**WORK INSTRUCTION**
Return only the lines from the top of the data down to the one that holds "眾泰生物是實(shí)驗(y", both included, without any pictures.

**AVAILABLE DATA**
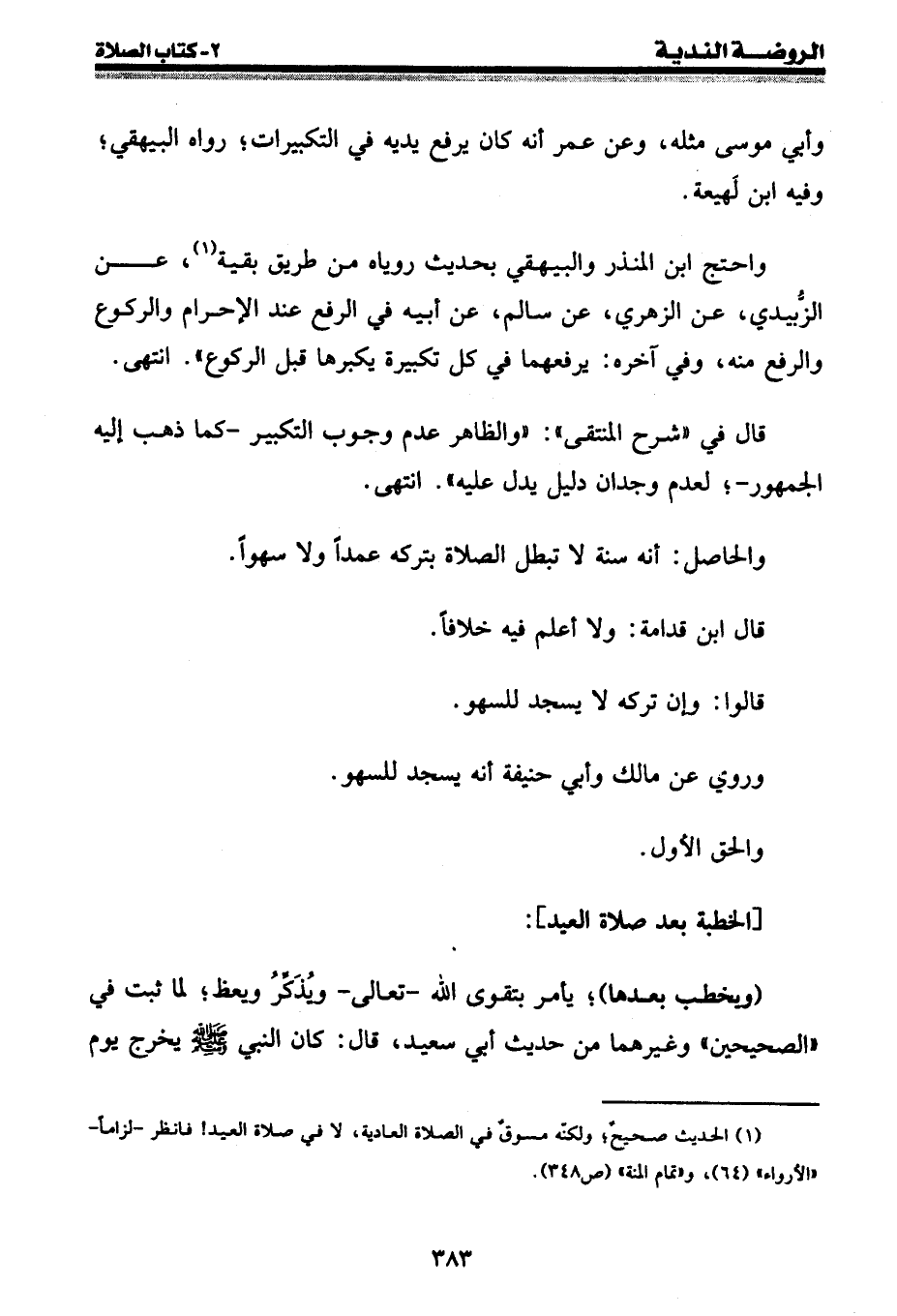 (¬1) الحديث صحيح؛ ولكنه مسوق في الصلاة العادية، لا في صلاة العيد! فانظر - لزاماً - " الأرواء " (64) ، و " تمام المنة " (ص 348) .
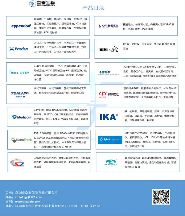 眾泰生物是實(shí)驗(yàn)室儀器設(shè)備、耗材及技術(shù)服務(wù)商,我們不只賣產(chǎn)品,更注重售后服務(wù)和口碑!如果您的實(shí)驗(yàn)室剛好有需求,而您也希望產(chǎn)品質(zhì)量有保證,售后更無憂,那么就來找我們吧!
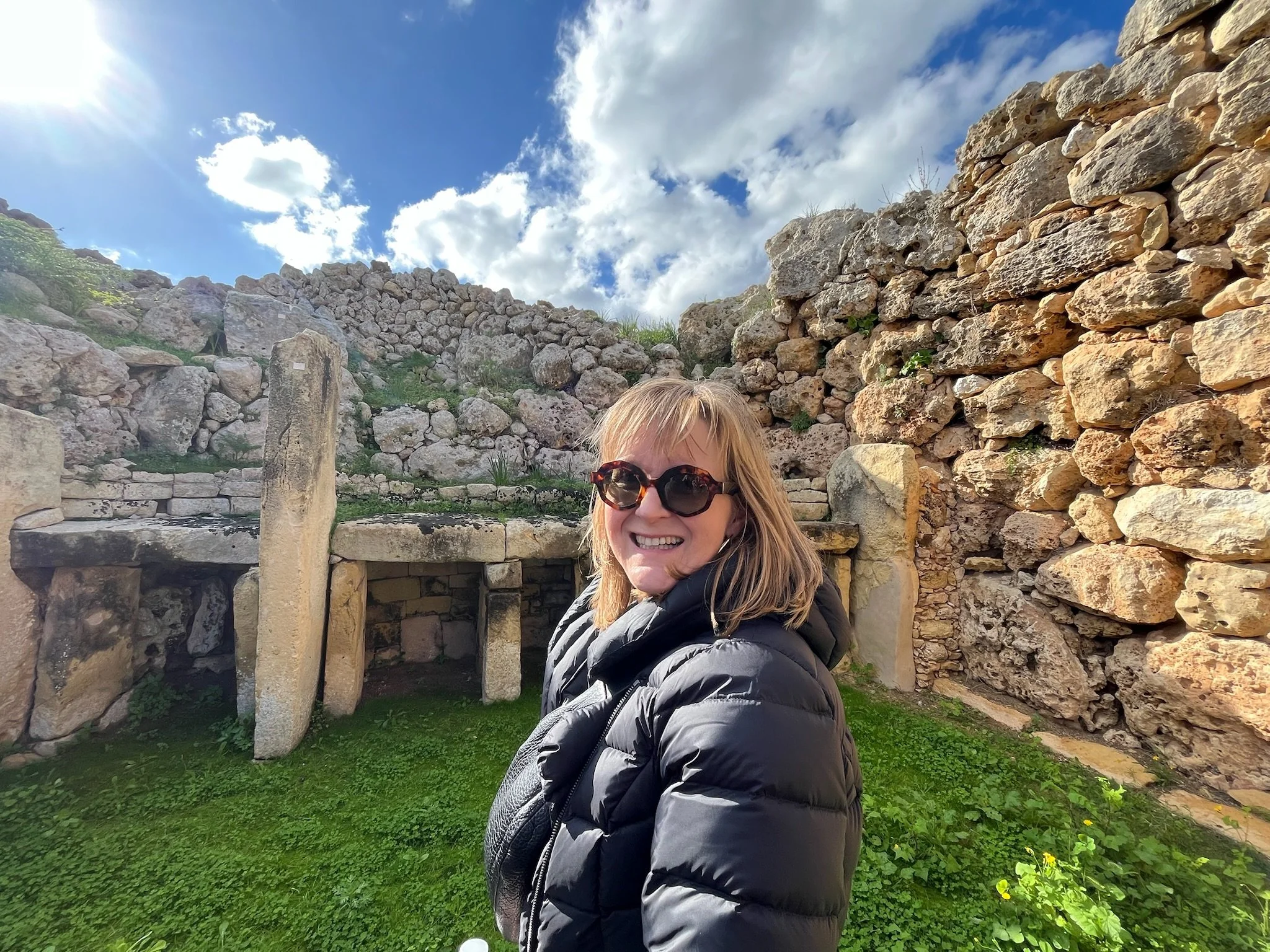 I wanted to share a short message today to reconnect after the holidays and to share one drop of inspiration I received recently. The inspiration has caused me to have an intention to "reconnect gently" with home and work life since returning a few days ago from a fascinating and moving (really a "dream come true") trip to Malta followed by a short stint in London UK. (Image above is me at one of the many megalithic temples in Malta on the Island of Gozo, called Ggantija. I'll share more about the trip soon.)
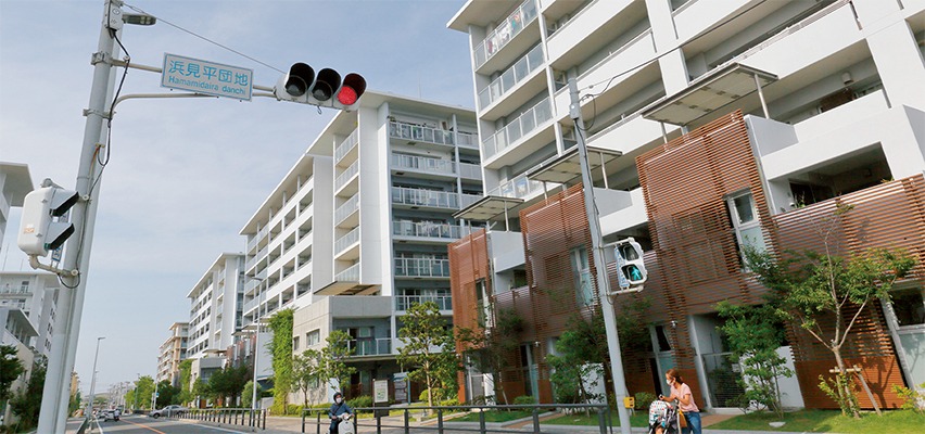建て替え前の浜見平団地を知るURの高橋 健は言う。「UR賃貸住宅棟の建て替えや公園整備が進んで明るく開放的になり、景色が一変したという印象です。現代のライフスタイルに合った新しい居住空間ができつつあると思っています」
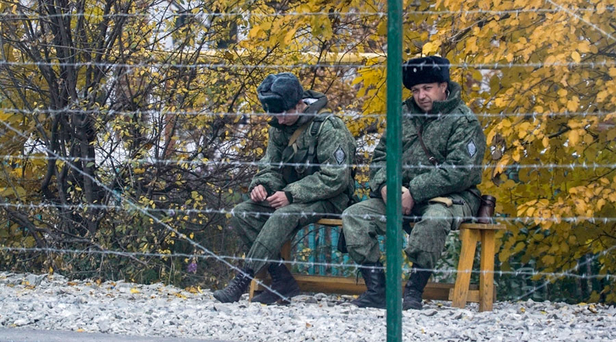 Забор из колючей проволоки установлен в Меловом на границе Украины и России
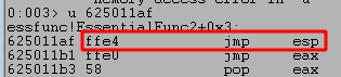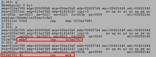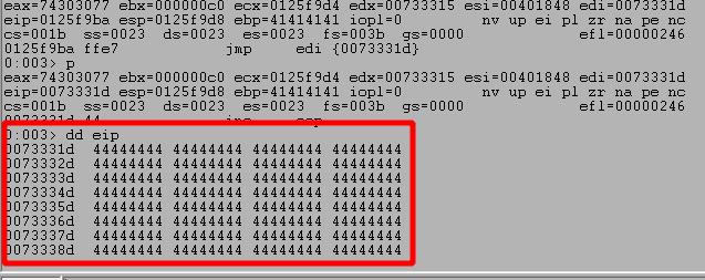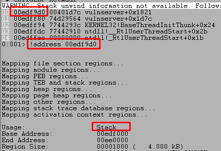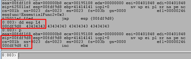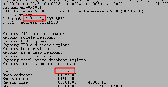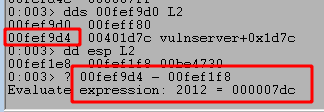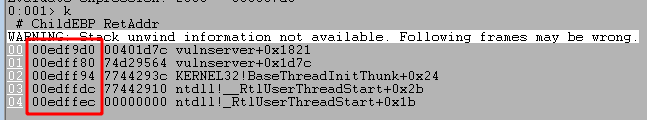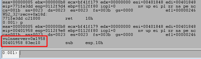 Stepping forward one more instruction with the p command returns out of the recv function and back into memory space associated with the vulnserver application, which should be immediately following the call to recv.
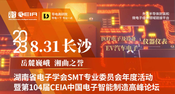 2023年8月31日湖南長沙,CEIA第104屆中國電子智能制造高峰論壇,將在長沙梅溪湖金茂豪華精選酒店 三樓金茂廳舉行。
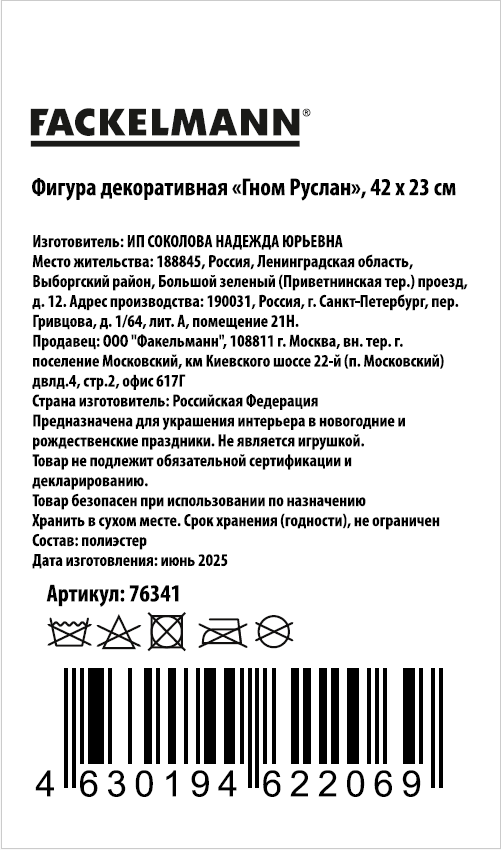 Фигура Fackelmann Гном Руслан красный, 42 x 23см — стильное украшение от бренда Fackelmann, созданное для новогоднего интерьера. Эта декоративная фигура высотой 42 см и шириной 23 см, вес 463 гр., выполненная с вниманием к деталям, станет ярким акцентом в праздничном убранстве вашего дома. Изготовлена из качественных материалов: прочный фетр, искусственный мех, мягкий наполнитель — синтепон. В оформлении фигуры использован благородный узор шотландской клетки и отделка бархатом. Колпак гнома оформлен двусторонними красно-золотыми пайетками, благодаря чему гном эффектно переливается в интерьере и создаёт праздничную атмосферу. Милый Гномик в новогоднем колпачке легко разместится на любой горизонтальной поверхности благодаря центру тяжести, расположенному в корпусе фигуры. Фигура отлично дополнит новогодний декор, создаст уютную атмосферу и станет оригинальным подарком близким. Изделие не является детской игрушкой. Использовать только в декоративных целях.
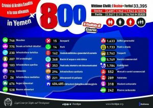 عمران نت إحصائية 800 يوم من جرائم العدوان السعودي الأمريكي في اليمن بعشر لغات عالمية. إصدار المركز القانوني للحقوق والتنمية.
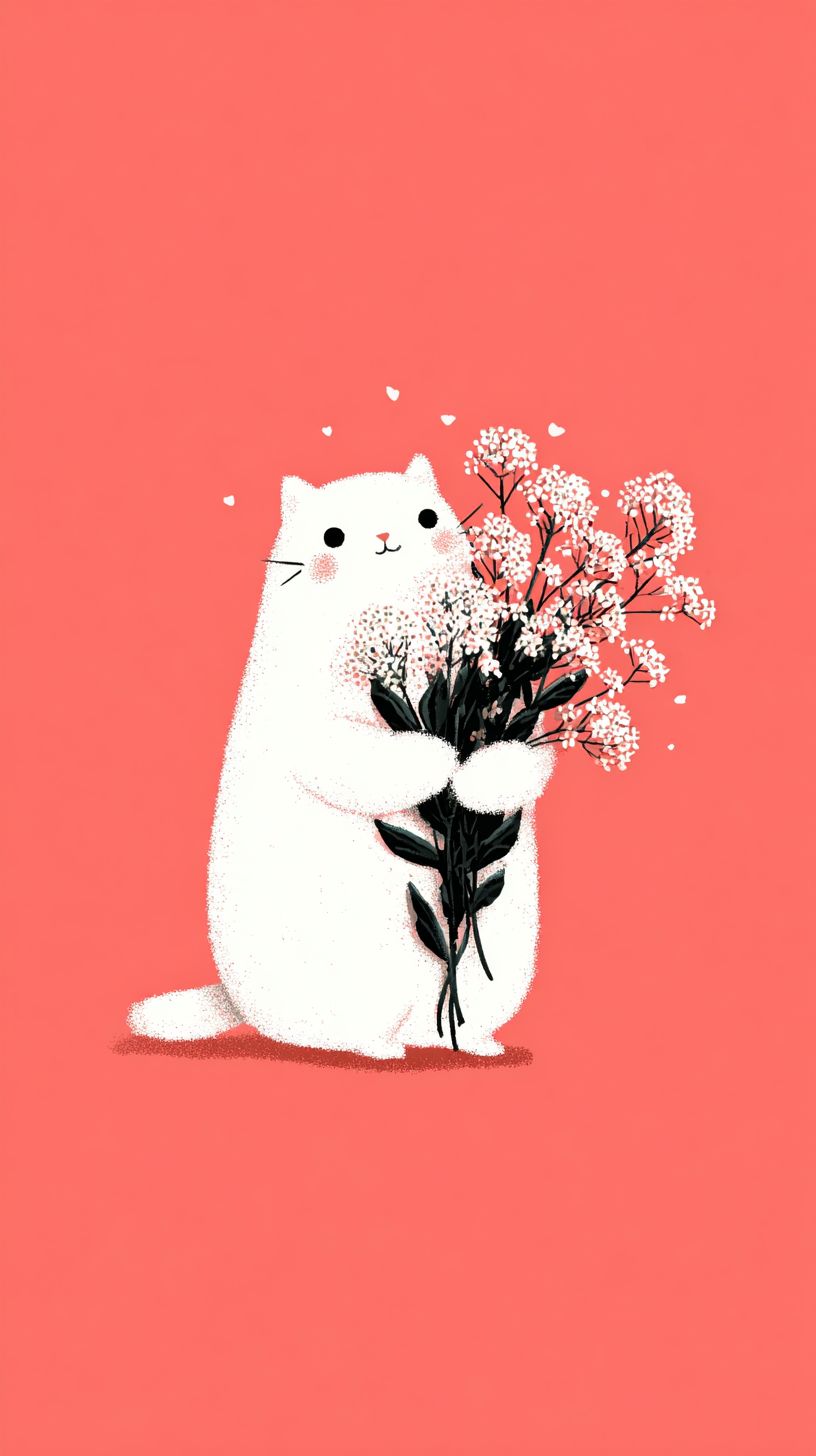 A white cat cradling a bouquet of flowers, set against a bright background, in a romantic and adorable animated style. high contrast, 8K --ar 9:16 --raw --v 7.0
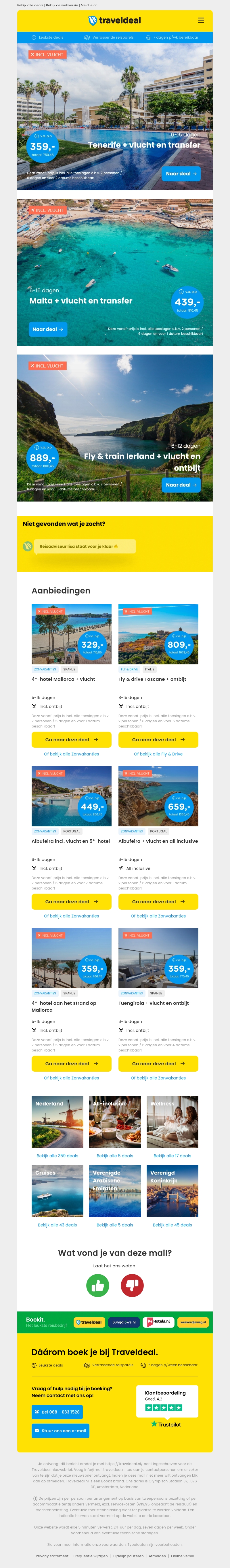 Ontsnap naar de zon met onze geweldige vakantieaanbiedingen! Geniet van een complete ervaring inclusief vliegtickets, hotelovernachtingen en transfers. Kies voor bestemmingen zoals Tenerife, Malta, Ierland en meer. Boek nu jouw perfecte vakantie met Traveldeal en profiteer van fantastische kortingen!
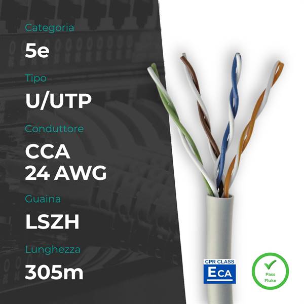 Cavo di rete U/UTP Categoria 5e con conduttori in rame pieno (CU) da 24 AWG, lungo 305 metri, ideale per applicazioni di rete Ethernet, Fast Ethernet e telefonia. La guaina esterna in materiale LSZH (Low Smoke Zero Halogen) garantisce bassa emissione di fumo e assenza di gas tossici, rendendolo idoneo anche per ambienti pubblici e ad alta affluenza. Classificato ECA secondo la normativa CPR per la reazione al fuoco.
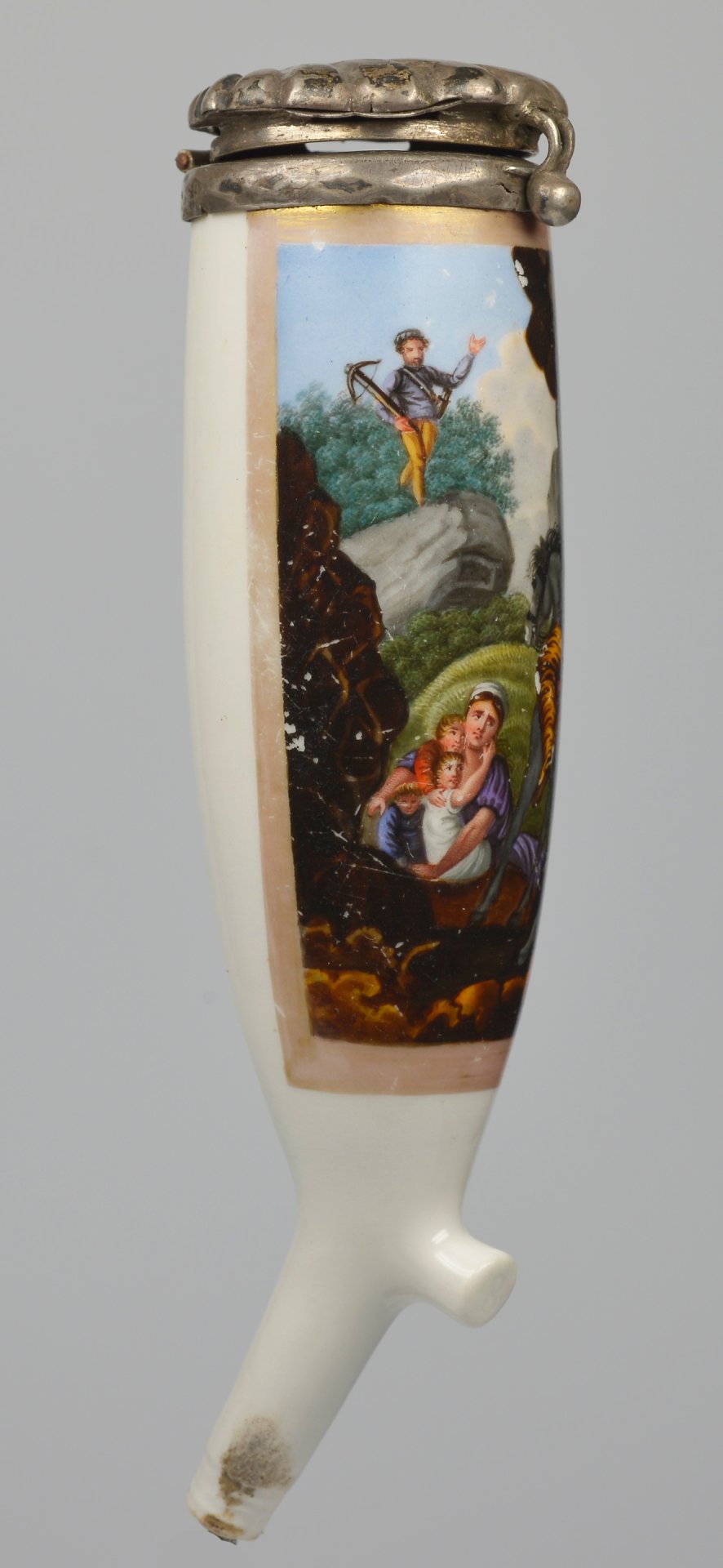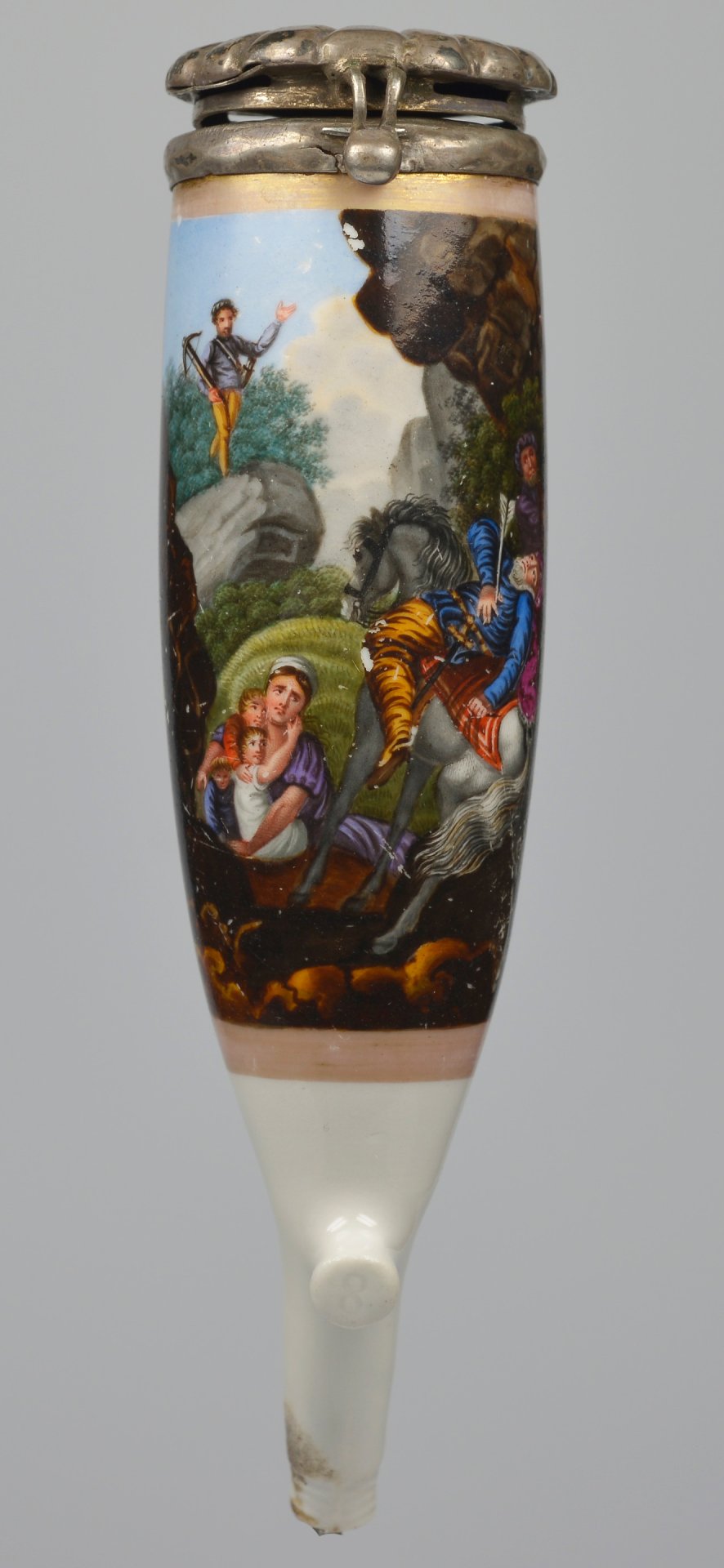 Porzellanpfeifenkopf, Berliner Form, zur Hälfte den Korpus umfassendes rechteckiges Bildfeld in stärker beriebener Goldleiste, darin mit bunten Muffelfarben Darstellung von Tell, der grade auf einer Anhöhe mit Bogen stehende Tell der zuvor Gessner auf seinem Pferd mit dem Pfeil Getroffen hat, eine Szene aus Friedrich Schillers Drama »Wilhelm Tell« erschien 1804 und wurde am Weimarer Hoftheater uraufgeführt. Stummelferse Presszahl 8, Montur: Silber Muschelform, H=14,3cm (a=136; b=110,4; c=37mm)

**SOLVED EXERCISE**
 (¬1) الحديث صحيح؛ ولكنه مسوق في الصلاة العادية، لا في صلاة العيد! فانظر - لزاماً - " الأرواء " (64) ، و " تمام المنة " (ص 348) .
 眾泰生物是實(shí)驗(yàn)室儀器設(shè)備、耗材及技術(shù)服務(wù)商,我們不只賣產(chǎn)品,更注重售后服務(wù)和口碑!如果您的實(shí)驗(yàn)室剛好有需求,而您也希望產(chǎn)品質(zhì)量有保證,售后更無憂,那么就來找我們吧!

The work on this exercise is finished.